→ Exercise description:
Would you please repeat, word for word, only the lines from the one holding "Dynarex Resp-O2™ Endotracheal" through the one holding "蕉下直筒裤女秋新款卡其色梭织工装加绒休闲裤户外防泼水登山裤子" in the material below, without the pictures?

→ Data extract:
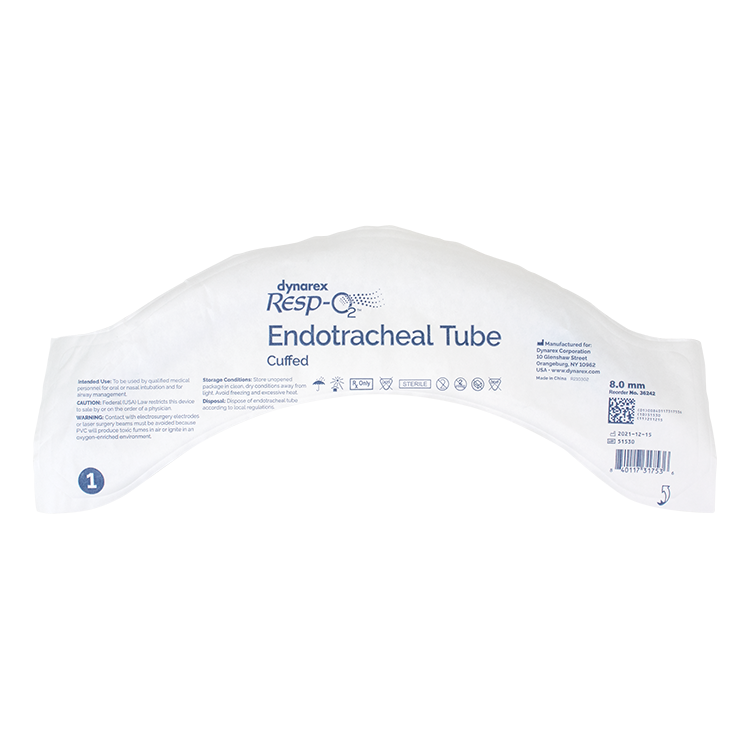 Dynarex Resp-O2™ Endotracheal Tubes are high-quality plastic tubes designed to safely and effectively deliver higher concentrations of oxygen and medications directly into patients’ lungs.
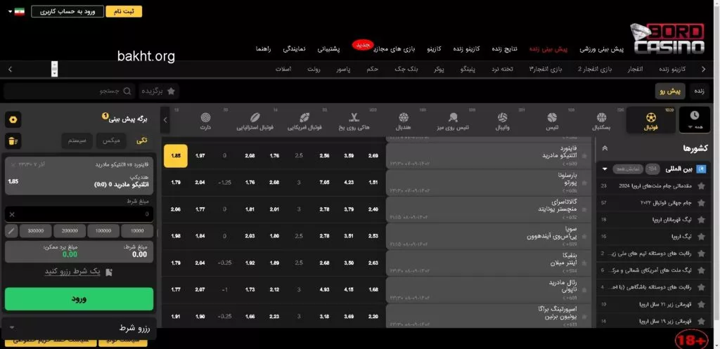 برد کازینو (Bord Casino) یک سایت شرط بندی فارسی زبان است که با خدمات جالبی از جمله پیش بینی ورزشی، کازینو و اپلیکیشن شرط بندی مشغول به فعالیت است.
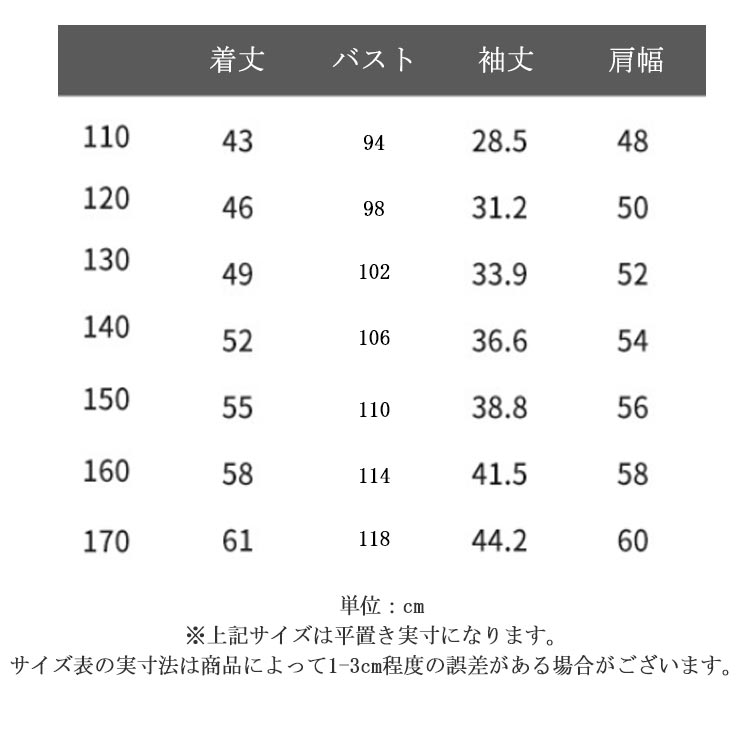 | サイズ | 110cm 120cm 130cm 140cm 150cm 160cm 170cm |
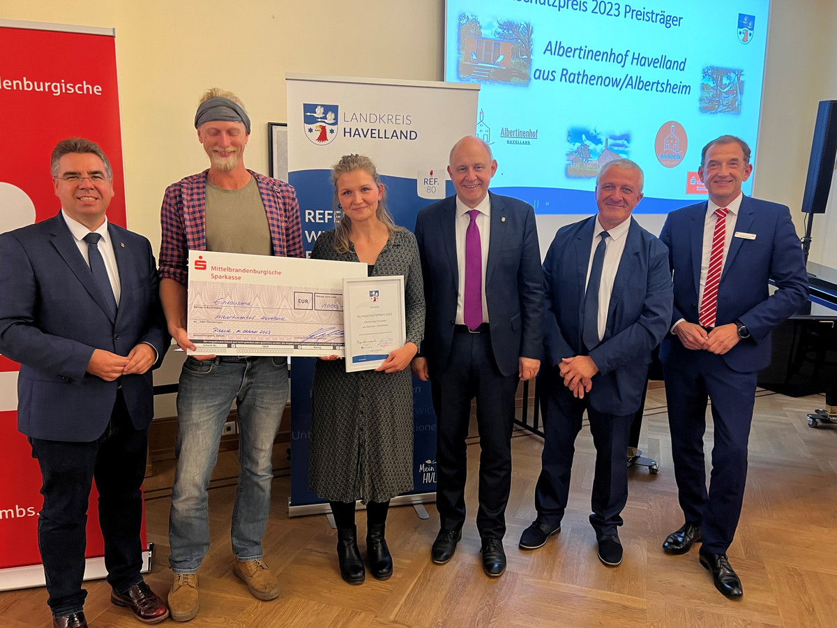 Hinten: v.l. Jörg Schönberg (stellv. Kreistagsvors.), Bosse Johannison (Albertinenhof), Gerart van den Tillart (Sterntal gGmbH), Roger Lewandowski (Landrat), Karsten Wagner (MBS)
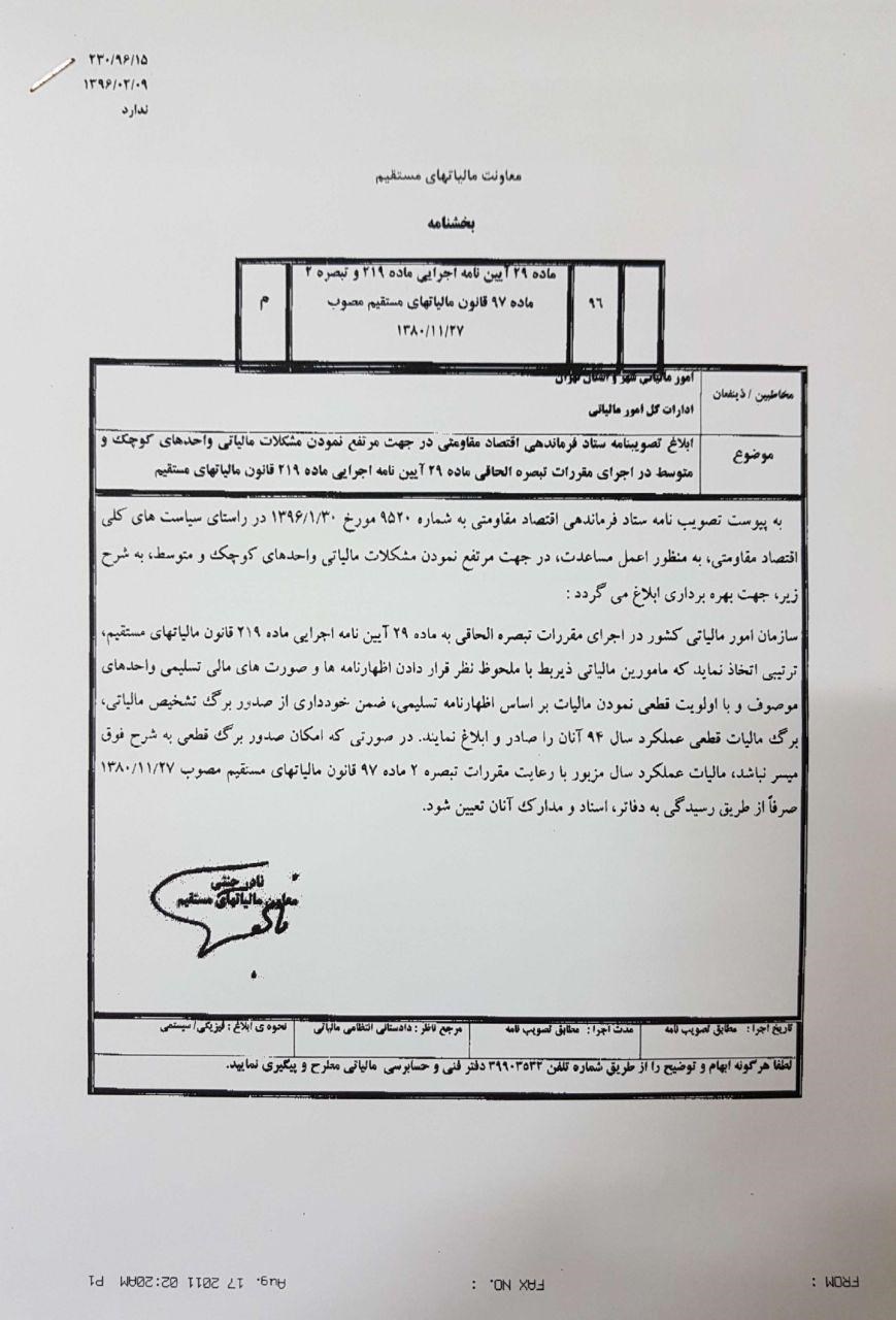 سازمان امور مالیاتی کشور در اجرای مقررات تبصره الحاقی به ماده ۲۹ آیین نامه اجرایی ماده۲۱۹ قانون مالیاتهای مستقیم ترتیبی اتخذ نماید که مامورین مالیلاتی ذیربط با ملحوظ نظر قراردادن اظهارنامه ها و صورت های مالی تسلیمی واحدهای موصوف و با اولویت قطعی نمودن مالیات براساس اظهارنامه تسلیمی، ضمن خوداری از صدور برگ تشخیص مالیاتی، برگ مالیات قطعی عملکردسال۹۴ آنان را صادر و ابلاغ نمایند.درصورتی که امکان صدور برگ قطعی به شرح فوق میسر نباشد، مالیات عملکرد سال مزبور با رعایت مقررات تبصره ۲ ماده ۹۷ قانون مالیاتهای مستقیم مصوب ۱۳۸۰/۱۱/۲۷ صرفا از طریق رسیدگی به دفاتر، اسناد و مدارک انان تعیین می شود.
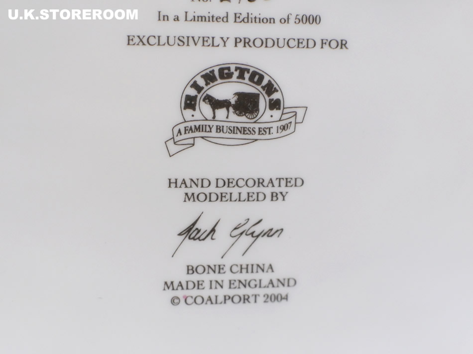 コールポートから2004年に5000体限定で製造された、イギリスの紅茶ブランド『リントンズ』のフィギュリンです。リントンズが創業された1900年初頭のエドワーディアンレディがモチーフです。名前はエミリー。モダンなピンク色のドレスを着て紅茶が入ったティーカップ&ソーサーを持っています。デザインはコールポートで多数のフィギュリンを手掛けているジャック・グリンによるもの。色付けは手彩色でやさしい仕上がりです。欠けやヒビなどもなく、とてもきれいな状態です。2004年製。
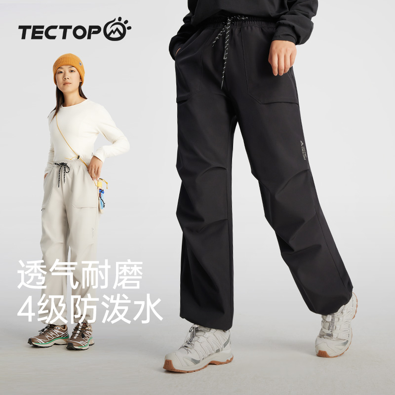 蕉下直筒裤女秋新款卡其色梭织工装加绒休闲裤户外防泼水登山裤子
...
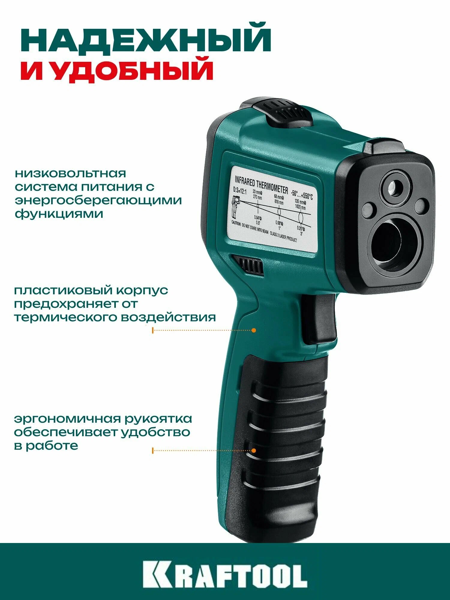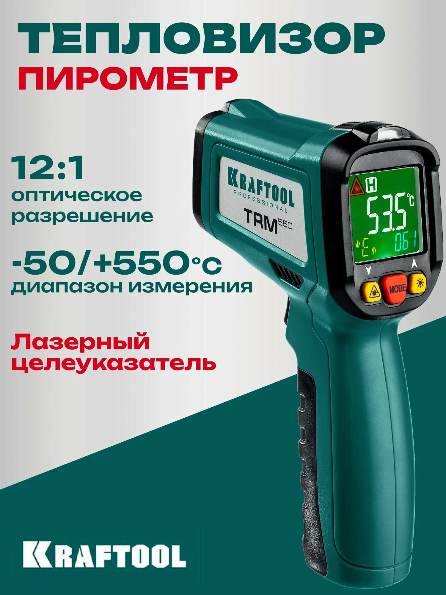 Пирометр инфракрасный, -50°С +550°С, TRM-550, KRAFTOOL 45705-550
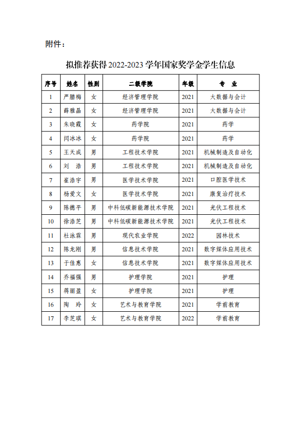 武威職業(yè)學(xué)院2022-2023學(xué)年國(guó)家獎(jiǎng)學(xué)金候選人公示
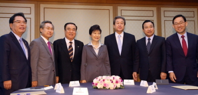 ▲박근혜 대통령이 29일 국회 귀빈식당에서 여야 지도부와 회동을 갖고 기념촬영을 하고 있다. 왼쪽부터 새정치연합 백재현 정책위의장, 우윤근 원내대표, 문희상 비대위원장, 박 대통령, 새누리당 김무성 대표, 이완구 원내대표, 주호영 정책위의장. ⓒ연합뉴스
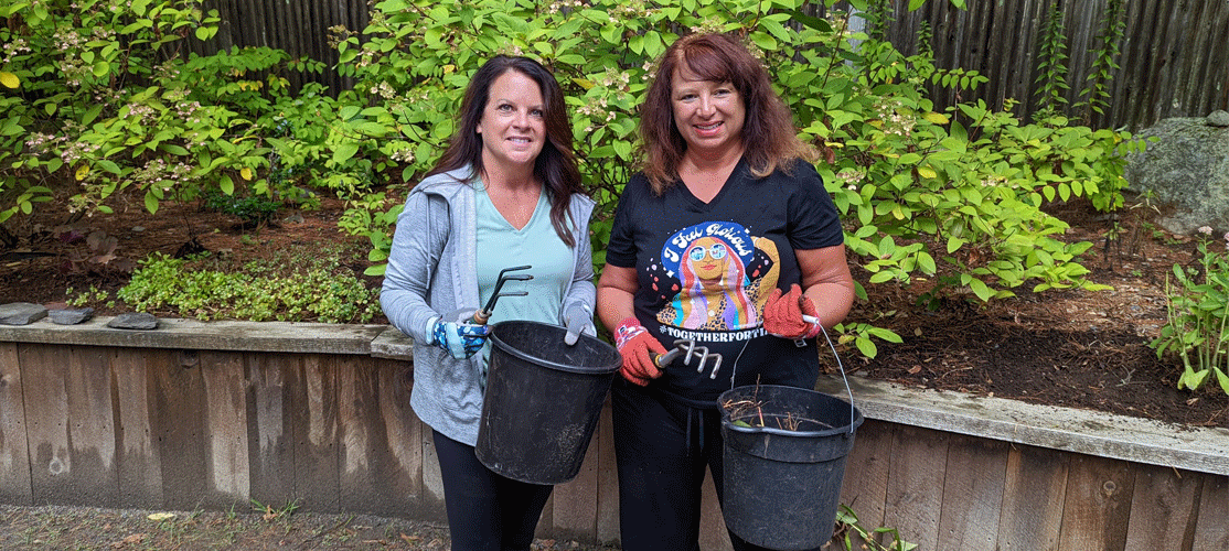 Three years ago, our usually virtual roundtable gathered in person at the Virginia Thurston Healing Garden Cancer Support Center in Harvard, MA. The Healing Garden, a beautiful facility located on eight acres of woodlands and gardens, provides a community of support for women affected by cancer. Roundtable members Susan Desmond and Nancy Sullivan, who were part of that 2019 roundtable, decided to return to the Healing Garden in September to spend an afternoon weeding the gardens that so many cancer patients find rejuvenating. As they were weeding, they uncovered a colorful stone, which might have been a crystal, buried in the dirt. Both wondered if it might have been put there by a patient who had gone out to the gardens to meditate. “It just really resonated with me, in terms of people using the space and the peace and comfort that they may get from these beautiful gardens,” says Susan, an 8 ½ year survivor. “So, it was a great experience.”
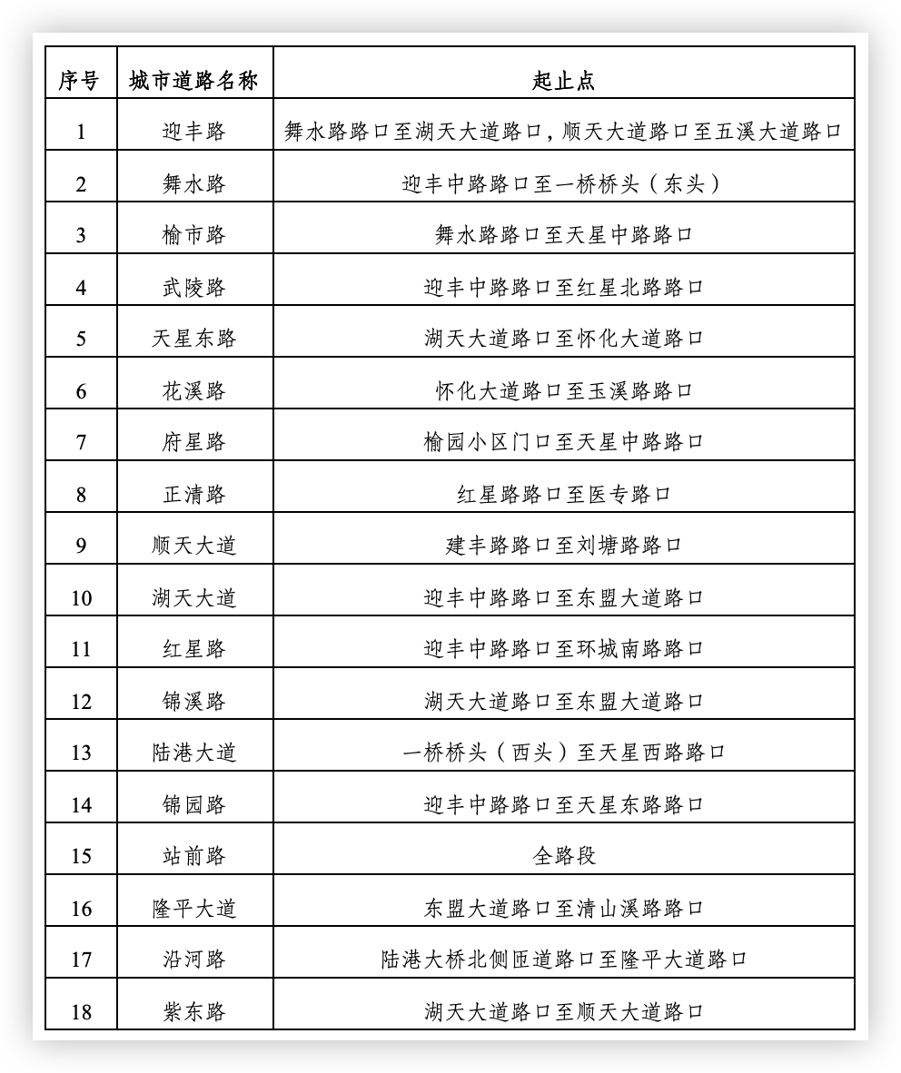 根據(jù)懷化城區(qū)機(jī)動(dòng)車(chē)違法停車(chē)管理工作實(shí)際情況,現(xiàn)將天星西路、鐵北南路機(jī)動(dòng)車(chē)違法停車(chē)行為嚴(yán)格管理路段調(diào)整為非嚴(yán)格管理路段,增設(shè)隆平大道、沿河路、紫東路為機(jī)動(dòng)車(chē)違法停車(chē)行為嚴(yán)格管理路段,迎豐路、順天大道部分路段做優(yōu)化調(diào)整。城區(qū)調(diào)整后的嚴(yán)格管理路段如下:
==
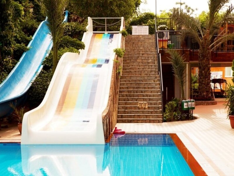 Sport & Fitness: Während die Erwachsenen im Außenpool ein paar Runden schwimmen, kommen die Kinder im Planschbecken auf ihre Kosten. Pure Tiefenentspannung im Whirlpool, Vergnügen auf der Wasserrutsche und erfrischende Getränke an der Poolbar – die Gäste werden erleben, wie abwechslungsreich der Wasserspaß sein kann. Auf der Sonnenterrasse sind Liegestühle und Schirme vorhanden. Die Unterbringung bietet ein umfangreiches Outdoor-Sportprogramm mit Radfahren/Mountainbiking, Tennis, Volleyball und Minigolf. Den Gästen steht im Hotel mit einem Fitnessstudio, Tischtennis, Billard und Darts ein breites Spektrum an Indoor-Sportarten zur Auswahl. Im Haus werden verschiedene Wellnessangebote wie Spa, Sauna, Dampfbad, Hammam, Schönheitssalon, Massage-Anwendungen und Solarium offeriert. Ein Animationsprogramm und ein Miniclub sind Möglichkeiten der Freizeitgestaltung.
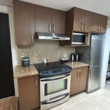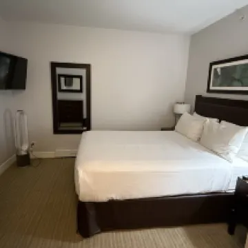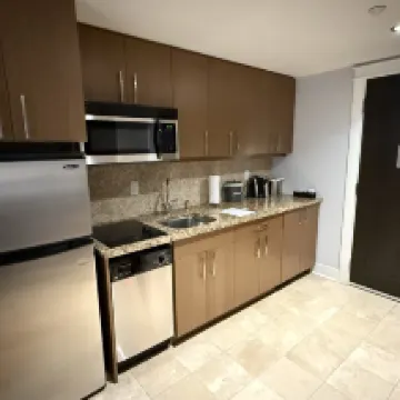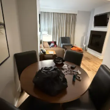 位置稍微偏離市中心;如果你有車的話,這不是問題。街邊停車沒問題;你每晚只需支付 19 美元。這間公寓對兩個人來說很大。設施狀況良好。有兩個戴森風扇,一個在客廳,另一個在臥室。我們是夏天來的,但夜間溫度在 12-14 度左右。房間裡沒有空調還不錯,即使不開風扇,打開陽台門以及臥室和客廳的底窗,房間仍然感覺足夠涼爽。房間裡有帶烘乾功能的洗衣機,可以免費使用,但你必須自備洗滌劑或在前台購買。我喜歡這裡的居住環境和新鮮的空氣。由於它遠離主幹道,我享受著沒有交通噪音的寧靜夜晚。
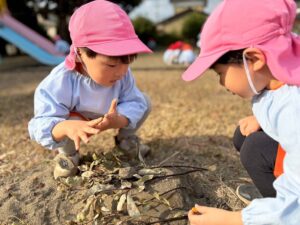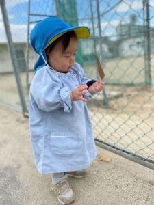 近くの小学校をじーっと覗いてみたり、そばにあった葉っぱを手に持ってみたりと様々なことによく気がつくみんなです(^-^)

→ Answer space:
 Dynarex Resp-O2™ Endotracheal Tubes are high-quality plastic tubes designed to safely and effectively deliver higher concentrations of oxygen and medications directly into patients’ lungs.
 برد کازینو (Bord Casino) یک سایت شرط بندی فارسی زبان است که با خدمات جالبی از جمله پیش بینی ورزشی، کازینو و اپلیکیشن شرط بندی مشغول به فعالیت است.
 | サイズ | 110cm 120cm 130cm 140cm 150cm 160cm 170cm |
 Hinten: v.l. Jörg Schönberg (stellv. Kreistagsvors.), Bosse Johannison (Albertinenhof), Gerart van den Tillart (Sterntal gGmbH), Roger Lewandowski (Landrat), Karsten Wagner (MBS)
 سازمان امور مالیاتی کشور در اجرای مقررات تبصره الحاقی به ماده ۲۹ آیین نامه اجرایی ماده۲۱۹ قانون مالیاتهای مستقیم ترتیبی اتخذ نماید که مامورین مالیلاتی ذیربط با ملحوظ نظر قراردادن اظهارنامه ها و صورت های مالی تسلیمی واحدهای موصوف و با اولویت قطعی نمودن مالیات براساس اظهارنامه تسلیمی، ضمن خوداری از صدور برگ تشخیص مالیاتی، برگ مالیات قطعی عملکردسال۹۴ آنان را صادر و ابلاغ نمایند.درصورتی که امکان صدور برگ قطعی به شرح فوق میسر نباشد، مالیات عملکرد سال مزبور با رعایت مقررات تبصره ۲ ماده ۹۷ قانون مالیاتهای مستقیم مصوب ۱۳۸۰/۱۱/۲۷ صرفا از طریق رسیدگی به دفاتر، اسناد و مدارک انان تعیین می شود.
 コールポートから2004年に5000体限定で製造された、イギリスの紅茶ブランド『リントンズ』のフィギュリンです。リントンズが創業された1900年初頭のエドワーディアンレディがモチーフです。名前はエミリー。モダンなピンク色のドレスを着て紅茶が入ったティーカップ&ソーサーを持っています。デザインはコールポートで多数のフィギュリンを手掛けているジャック・グリンによるもの。色付けは手彩色でやさしい仕上がりです。欠けやヒビなどもなく、とてもきれいな状態です。2004年製。
 蕉下直筒裤女秋新款卡其色梭织工装加绒休闲裤户外防泼水登山裤子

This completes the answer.